● STORED DATA:
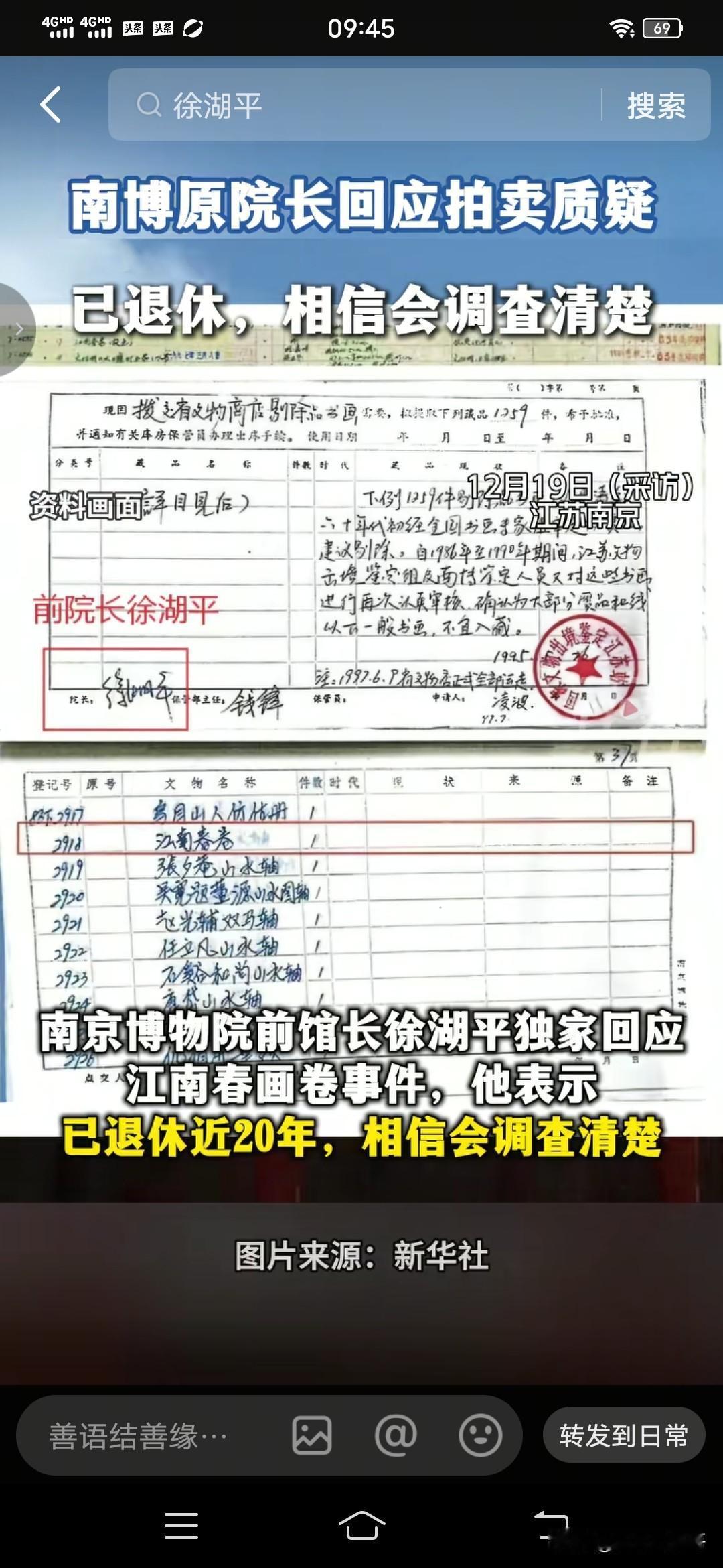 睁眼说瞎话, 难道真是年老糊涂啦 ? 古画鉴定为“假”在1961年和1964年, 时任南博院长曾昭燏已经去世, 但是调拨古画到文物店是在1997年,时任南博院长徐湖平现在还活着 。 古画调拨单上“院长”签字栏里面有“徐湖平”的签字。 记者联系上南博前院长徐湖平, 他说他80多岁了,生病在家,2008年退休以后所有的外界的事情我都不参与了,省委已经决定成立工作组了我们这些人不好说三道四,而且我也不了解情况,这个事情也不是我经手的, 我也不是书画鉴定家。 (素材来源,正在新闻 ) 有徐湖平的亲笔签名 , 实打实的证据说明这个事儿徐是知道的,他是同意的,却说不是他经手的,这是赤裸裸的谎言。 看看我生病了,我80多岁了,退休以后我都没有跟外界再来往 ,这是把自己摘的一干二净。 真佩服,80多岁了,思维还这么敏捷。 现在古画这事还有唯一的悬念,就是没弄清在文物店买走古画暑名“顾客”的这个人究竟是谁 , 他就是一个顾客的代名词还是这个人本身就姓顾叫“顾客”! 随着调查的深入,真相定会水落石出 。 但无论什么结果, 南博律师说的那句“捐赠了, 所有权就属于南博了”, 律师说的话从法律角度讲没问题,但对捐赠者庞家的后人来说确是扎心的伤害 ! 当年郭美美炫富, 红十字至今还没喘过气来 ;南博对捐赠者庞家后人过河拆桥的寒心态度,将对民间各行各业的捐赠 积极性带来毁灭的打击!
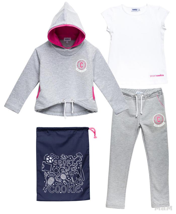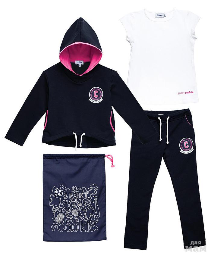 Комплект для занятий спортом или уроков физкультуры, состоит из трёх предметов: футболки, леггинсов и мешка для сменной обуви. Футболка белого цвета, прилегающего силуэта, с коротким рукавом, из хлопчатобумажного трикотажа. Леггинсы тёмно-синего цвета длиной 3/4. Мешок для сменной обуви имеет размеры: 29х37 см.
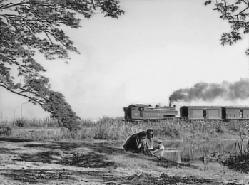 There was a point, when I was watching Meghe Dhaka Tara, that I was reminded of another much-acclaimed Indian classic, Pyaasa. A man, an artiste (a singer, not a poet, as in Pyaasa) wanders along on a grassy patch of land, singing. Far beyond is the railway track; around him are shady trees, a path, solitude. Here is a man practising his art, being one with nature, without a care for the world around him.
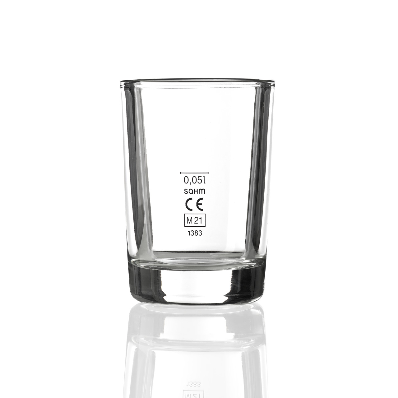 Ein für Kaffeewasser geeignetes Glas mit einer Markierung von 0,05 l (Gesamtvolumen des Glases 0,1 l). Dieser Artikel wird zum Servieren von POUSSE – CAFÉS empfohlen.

● WHAT THE TASK REQUIRES: Everything from the opening line of the data through the line with "Комплект для занятий" should be repeated exactly; leave the pictures out.

● YOUR RESPONSE:
 睁眼说瞎话, 难道真是年老糊涂啦 ? 古画鉴定为“假”在1961年和1964年, 时任南博院长曾昭燏已经去世, 但是调拨古画到文物店是在1997年,时任南博院长徐湖平现在还活着 。 古画调拨单上“院长”签字栏里面有“徐湖平”的签字。 记者联系上南博前院长徐湖平, 他说他80多岁了,生病在家,2008年退休以后所有的外界的事情我都不参与了,省委已经决定成立工作组了我们这些人不好说三道四,而且我也不了解情况,这个事情也不是我经手的, 我也不是书画鉴定家。 (素材来源,正在新闻 ) 有徐湖平的亲笔签名 , 实打实的证据说明这个事儿徐是知道的,他是同意的,却说不是他经手的,这是赤裸裸的谎言。 看看我生病了,我80多岁了,退休以后我都没有跟外界再来往 ,这是把自己摘的一干二净。 真佩服,80多岁了,思维还这么敏捷。 现在古画这事还有唯一的悬念,就是没弄清在文物店买走古画暑名“顾客”的这个人究竟是谁 , 他就是一个顾客的代名词还是这个人本身就姓顾叫“顾客”! 随着调查的深入,真相定会水落石出 。 但无论什么结果, 南博律师说的那句“捐赠了, 所有权就属于南博了”, 律师说的话从法律角度讲没问题,但对捐赠者庞家的后人来说确是扎心的伤害 ! 当年郭美美炫富, 红十字至今还没喘过气来 ;南博对捐赠者庞家后人过河拆桥的寒心态度,将对民间各行各业的捐赠 积极性带来毁灭的打击!
 Комплект для занятий спортом или уроков физкультуры, состоит из трёх предметов: футболки, леггинсов и мешка для сменной обуви. Футболка белого цвета, прилегающего силуэта, с коротким рукавом, из хлопчатобумажного трикотажа. Леггинсы тёмно-синего цвета длиной 3/4. Мешок для сменной обуви имеет размеры: 29х37 см.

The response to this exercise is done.